Finding Your Creative Potential
Travel is an excellent tool for current creators and artists to find new sources of inspiration, but it can also be for those who don’t have a professional career in the field. Many of us had hobbies like painting or pottery at one point or another, and it’s easy to let those pieces of us atrophy as the demands of life take over. Reigniting your passion for an art form is an equally valid approach to travel, and one that reminds us we can again view life through a creative lens. Take the pottery course or sewing workshop, even if it feels uncomfortable. Travel is always presenting us with opportunities to push our boundaries and embrace the unknown, and growing within our artistic interests is one of the advantages.
So, whether you’re a seasoned creator on the cusp of breaking through a creative plateau or someone looking to reconnect with their long-lost love for the arts, travel is an overlooked remedy that provides more than temporary inspiration.

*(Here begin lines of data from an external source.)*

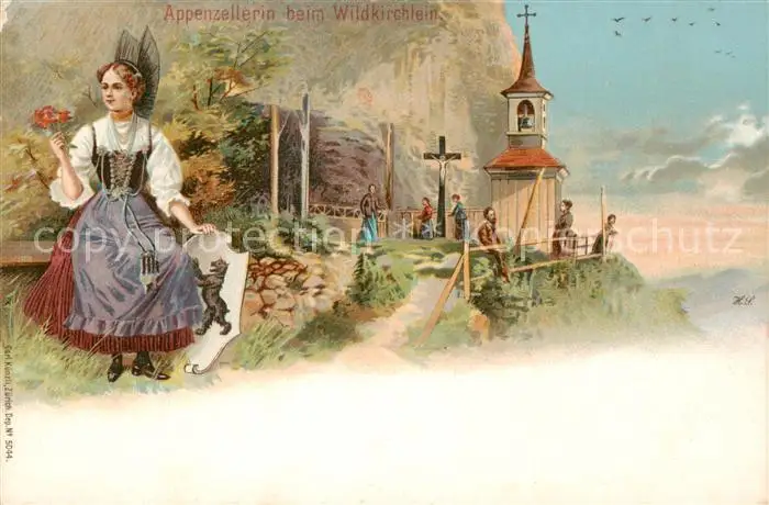 AK / Ansichtskarte Appenzell_IR Appenzellerin beim Wildkirchlein Appenzell IR
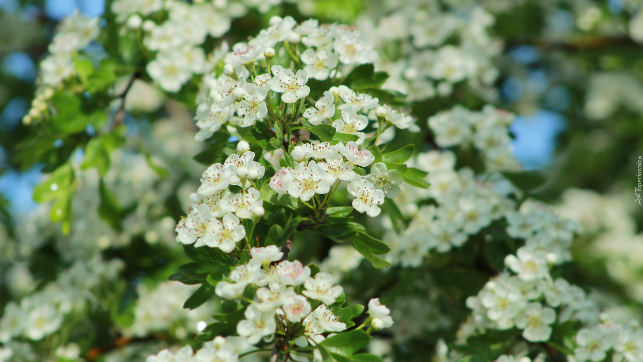 Edytor tapety: Kwitnące gałązki głogu w zbliżeniu
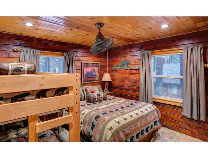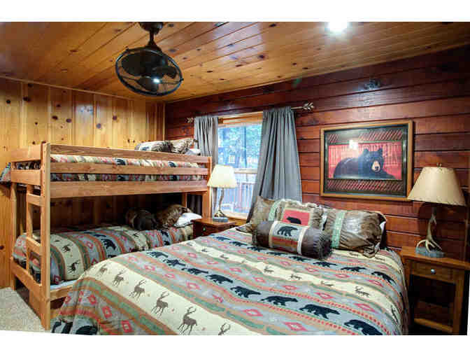 The Yosemite Getaway is a pristine, silver-rated cabin, that sleeps up to 6 guests and has 2 bedrooms and 2 bathrooms. The fully-equipped kitchen boasts granite countertops, stainless steel appliances, a dishwasher, and a Keurig coffee maker. This home features new flooring, updated decor, ceiling fans, forced air heat, and a river rock fireplace (wood provided in season). Modern details include a granite desk with a charging station, a flat screen satellite TV, and WiFi. The comfortable master bedroom includes a king bed, a cozy window seat, and an attached 3/4 bathroom. The second bedroom sleeps four with a queen bed and bunk beds. The main, updated full bath has granite countertops with bronze fixtures, and the living room provides a queen hide-a-bed. The spacious, enclosed, private deck has a gas BBQ for grilling, exterior lighting, and patio furniture for dining and lounging under the stars.
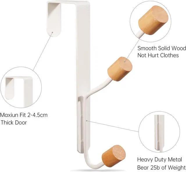 OVER THE DOOR HOOKS WITH WOODEN KIT - Conveniently keep your space organized and tidy in the limited spaces. Specially designed the tip of the hook has a wooden ball that does not damage clothes. FIT MULTIPLE THICKNESSES -
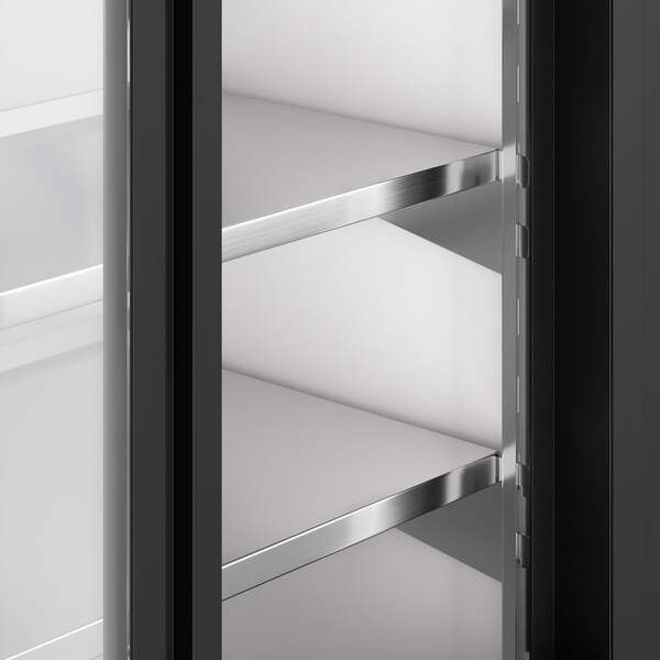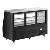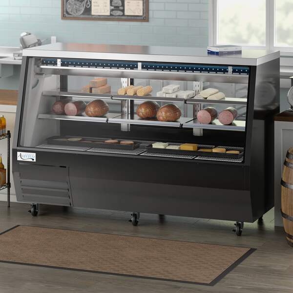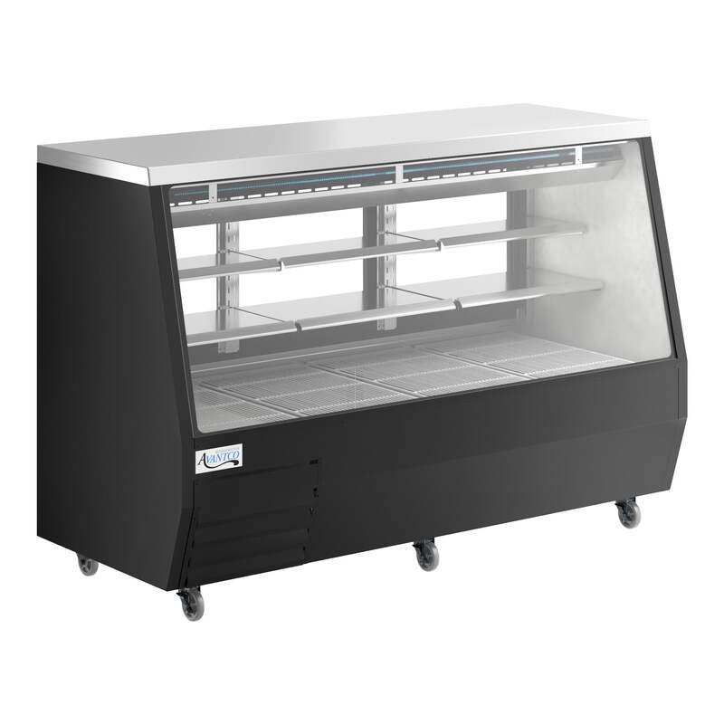 Attractively present your fresh cheese, meat, and other refrigerated deli items with the Avantco DDLC-84-B 84" black square glass refrigerated deli case! With a sleek, square glass design, this contemporary case keeps contents sanitary while beautifully displaying them on the 6 stainless steel solid shelves and 4 epoxy-coated bottom shelves. With added storage underneath, this unit is easy to restock and helps save space in your establishment. Crisp, internal LED lighting provides superior visibility for your products. Having a deli case is sure to boost your impulse sales because customers can clearly see the products you're offering behind the strong, damage-resistant glass front. A durable black-painted aluminum exterior and aluminum interior offer long-lasting durability.
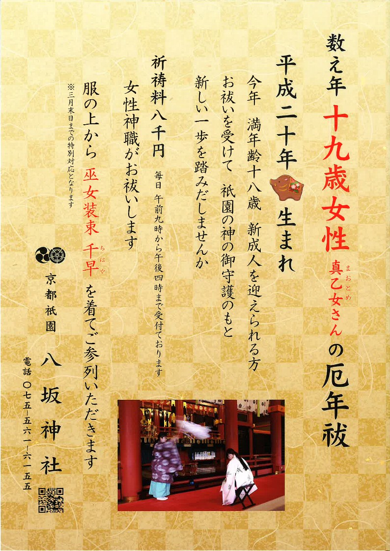 上記の通り、数え年19歳の厄年女性を対象とした厄除祈祷を行います。
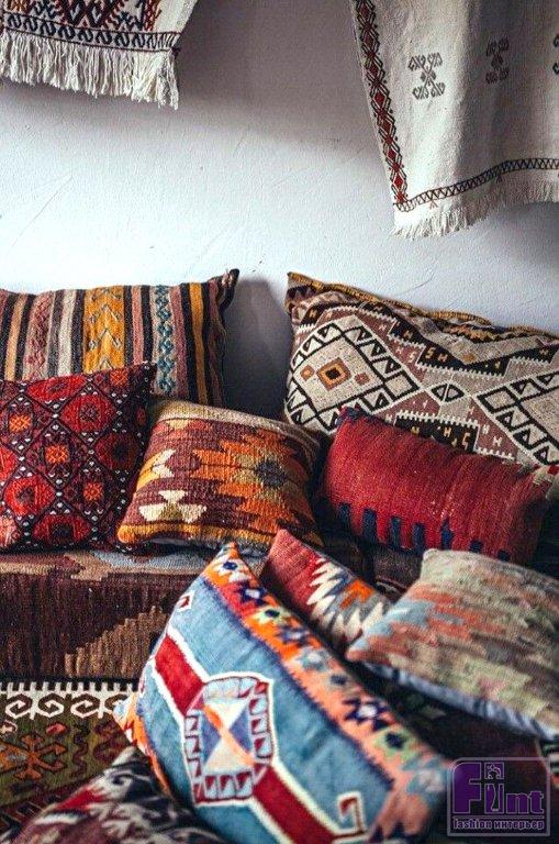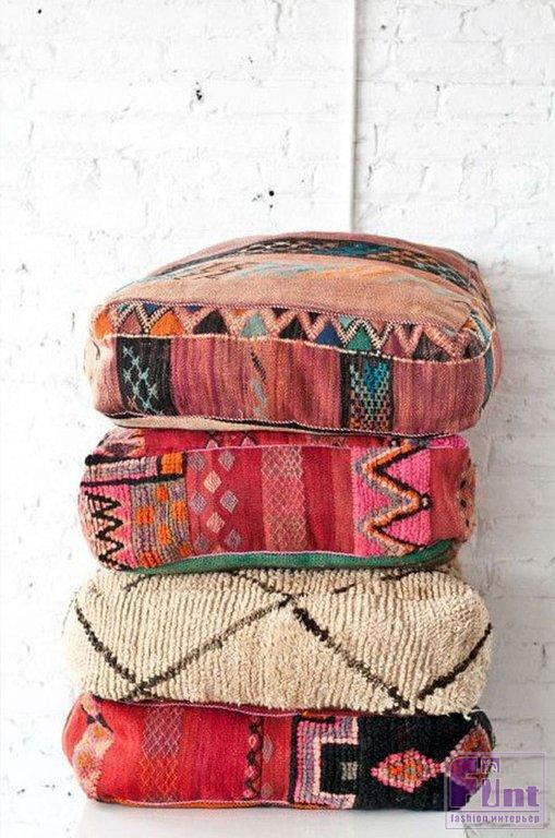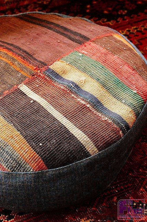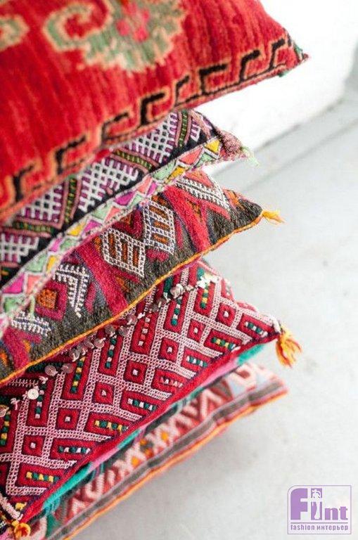 Тонкий ковёр с интересным узором можно превратить в наволочку для декоративной подушки — одной или сразу нескольких. Яркая фактурная ткань станет акцентом в интерьере. Сшить квадратный или прямоугольный чехол несложно самостоятельно. Тщательно очистите материал и обработайте края, чтобы они со временем не осыпались. Для удобства добавьте молнию или завязки. Такая наволочка подойдёт для оформления дивана, кресла или кровати.

Like the ambiguous images, once you know where to look, travel opens an imaginary lens that permanently influences your artistic toolkit. The workshops you participate in, the flavors you sample and the textures you grasp — they all merge into a richer, more nuanced perspective that follows you home long after you’ve unpacked.
The next time a silent stanza, empty plate or blank page stares back at you, remember that the cure might not be within immediate reach but rather in the yet-to-be-discovered streets of a new destination. Your next stroke of creative genius could just be a plane ride away.